American contemporary R&B group

Special Generation is an American vocal quintet consisting of members Fernando Carter, Maurice Dowdell, Maquet Robinson, Charles Salter, and Kendrick Washington. Formed in St. Petersburg, Florida in 1989, the group were signed to MC Hammer's record label Bust It Records, a subsidiary of Capitol Records. Their debut album, Take It to the Floor (1990), was one of the earliest new jack swing albums and achieved minor success.
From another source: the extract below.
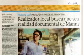 Realizador local busca que sea realidad documental de Manns [entrevista] / [artículo] : Sebastián Grant del Río. El Sur (Diario : Concepción, Chile)-- jun. 16, 2015, p. 22. .
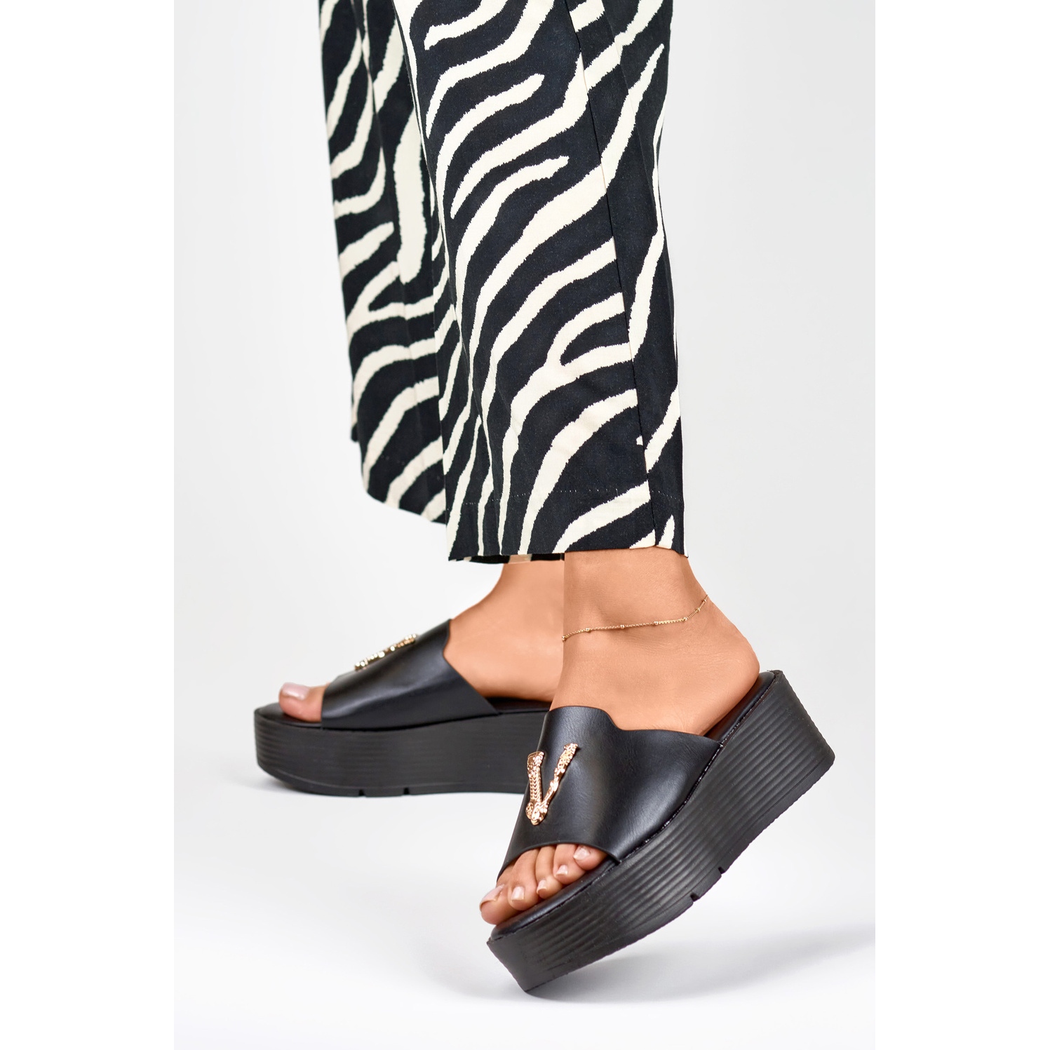 A stílusos, fekete flip -flopok a Keeshoes kollekcióból a kényelem és a divatos megjelenés tökéletes kombinációja. Kiváló minőségű ökológiai bőrből készül, lágy ökológiai bőrből és stabil ékkel, 6 cm magasságban. Az arany dísz és a finom fúvókák eleganciát adnak, amelynek köszönhetően a papucs mind alkalmi, mind kissé több kimeneti stilizációt eredményez a tavaszi/nyári szezonban.

In late 1992, the group released their second album Butterflies.

In 2020, the group reunited and released a single "I Can't Help Myself".

==History==
The group was formed in 1989 by American rapper MC Hammer in St. Petersburg, Florida. The group sang background vocals on several of MC Hammer's songs, including "U Can't Touch This", "Help the Children", and "Have You Seen Her" for the album Please Hammer Don't Hurt 'Em (1990).
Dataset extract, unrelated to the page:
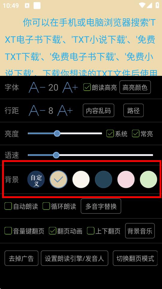 4、在設置界面下方的背景選項區(qū)域,選擇自己喜歡的背景顏色樣式,點擊即可將文檔閱讀背景顏色修改為所選顏色。

On September 24, 1990, the group released their debut album Take It to the Floor. The album peaked at number 17 on Billboard's Top R&B Albums chart. The album's lead single, "Love Me Just for Me", peaked at number 91 on the Billboard Hot 100 and number 8 on the Billboard Top R&B singles chart. Their follow-up single, "Spark of Love", peaked at number 26 on Billboards Hot R&B Singles chart. The album also produced several additional singles, including "One Nite Lover" and "You Are Everything", the latter of which peaked at number 90 on the US Hot R&B Singles chart.
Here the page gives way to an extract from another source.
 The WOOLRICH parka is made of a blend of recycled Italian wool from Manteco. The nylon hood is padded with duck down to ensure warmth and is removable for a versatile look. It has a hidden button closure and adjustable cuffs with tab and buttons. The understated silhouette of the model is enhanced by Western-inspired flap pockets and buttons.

In August 1992, they released "Lift Your Head (And Smile)", the lead single from their second album. The song peaked at number 13 on Hot R&B Singles chart. In September 1992, they released their second album Butterflies on Bust It Records. In October 1992, MC Hammer dropped the group from Bust It Records after disappointment with the low sales. In 1993, the group disbanded. Robinson pursued a career as a music producer. Salter also continued to pursue a music career, performing under the stage name Max'C. Washington formed his own management company called K-WASH Management & Consulting Services and later another company called WASH Media Group, LLC in February 2010.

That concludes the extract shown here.